Recorded data:
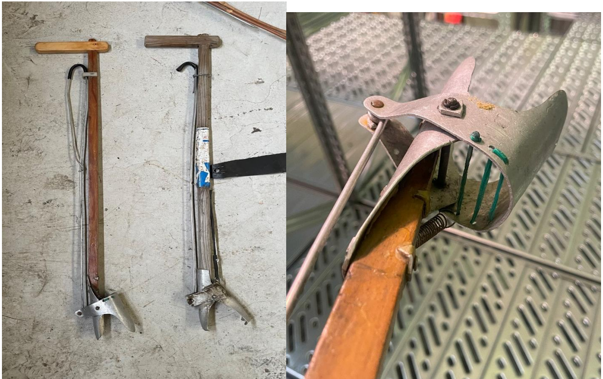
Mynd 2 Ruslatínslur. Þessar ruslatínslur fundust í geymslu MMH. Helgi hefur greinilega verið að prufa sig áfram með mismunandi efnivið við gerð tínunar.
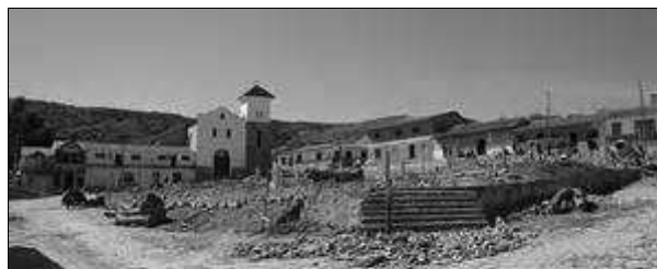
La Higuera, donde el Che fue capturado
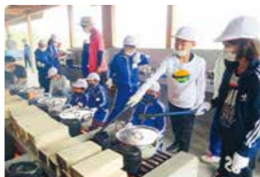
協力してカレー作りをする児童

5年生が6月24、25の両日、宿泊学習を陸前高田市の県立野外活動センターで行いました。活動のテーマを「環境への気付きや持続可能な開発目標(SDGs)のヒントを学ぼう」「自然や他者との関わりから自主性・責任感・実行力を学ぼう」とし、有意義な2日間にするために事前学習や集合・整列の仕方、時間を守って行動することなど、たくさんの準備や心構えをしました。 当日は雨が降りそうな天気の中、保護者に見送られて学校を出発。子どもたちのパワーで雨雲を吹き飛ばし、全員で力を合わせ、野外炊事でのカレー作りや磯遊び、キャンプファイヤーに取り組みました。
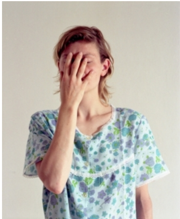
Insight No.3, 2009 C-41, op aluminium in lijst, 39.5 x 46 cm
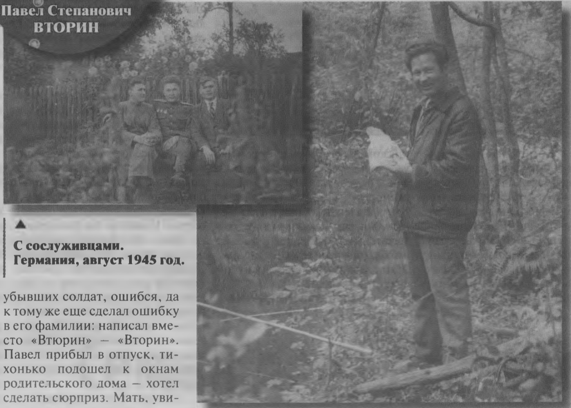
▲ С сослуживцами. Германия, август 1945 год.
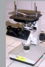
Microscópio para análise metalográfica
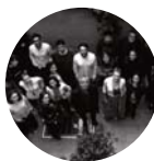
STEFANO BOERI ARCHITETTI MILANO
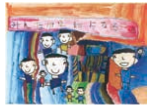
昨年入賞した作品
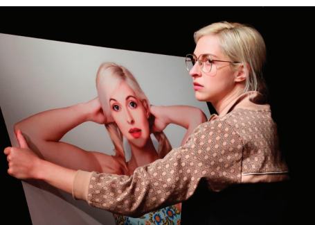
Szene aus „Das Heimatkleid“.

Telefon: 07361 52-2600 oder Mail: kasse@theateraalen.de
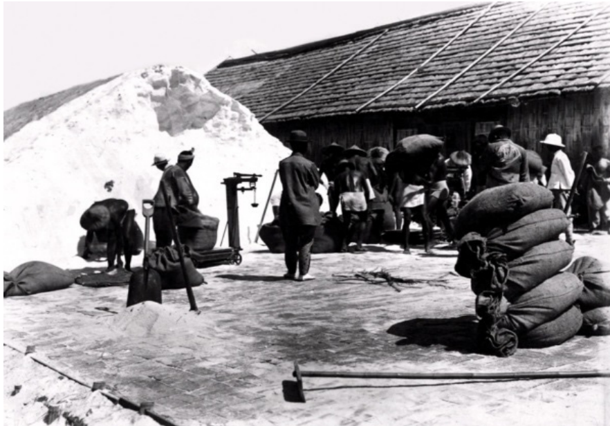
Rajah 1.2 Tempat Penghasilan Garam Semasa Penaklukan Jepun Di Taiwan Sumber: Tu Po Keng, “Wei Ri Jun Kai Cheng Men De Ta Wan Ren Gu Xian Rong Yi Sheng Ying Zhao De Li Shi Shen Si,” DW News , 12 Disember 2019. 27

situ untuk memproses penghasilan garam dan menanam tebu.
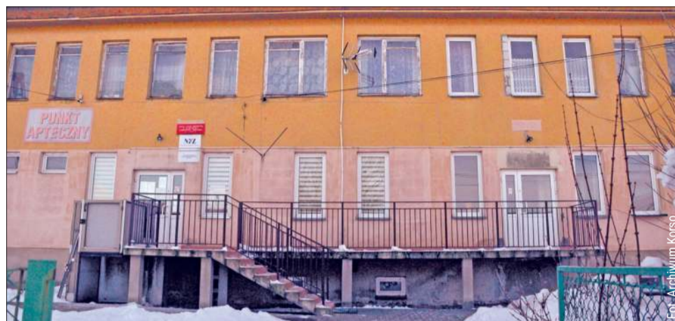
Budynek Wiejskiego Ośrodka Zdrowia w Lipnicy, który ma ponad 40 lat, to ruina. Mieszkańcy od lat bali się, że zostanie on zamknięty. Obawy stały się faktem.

What you have to do: For this task, give again exactly the lines from the line with "Rajah 1.2 Tempat" through the end of the entries, including both ends, and omit the pictures.

Result of the task:
Rajah 1.2 Tempat Penghasilan Garam Semasa Penaklukan Jepun Di Taiwan Sumber: Tu Po Keng, “Wei Ri Jun Kai Cheng Men De Ta Wan Ren Gu Xian Rong Yi Sheng Ying Zhao De Li Shi Shen Si,” DW News , 12 Disember 2019. 27

situ untuk memproses penghasilan garam dan menanam tebu.
Budynek Wiejskiego Ośrodka Zdrowia w Lipnicy, który ma ponad 40 lat, to ruina. Mieszkańcy od lat bali się, że zostanie on zamknięty. Obawy stały się faktem.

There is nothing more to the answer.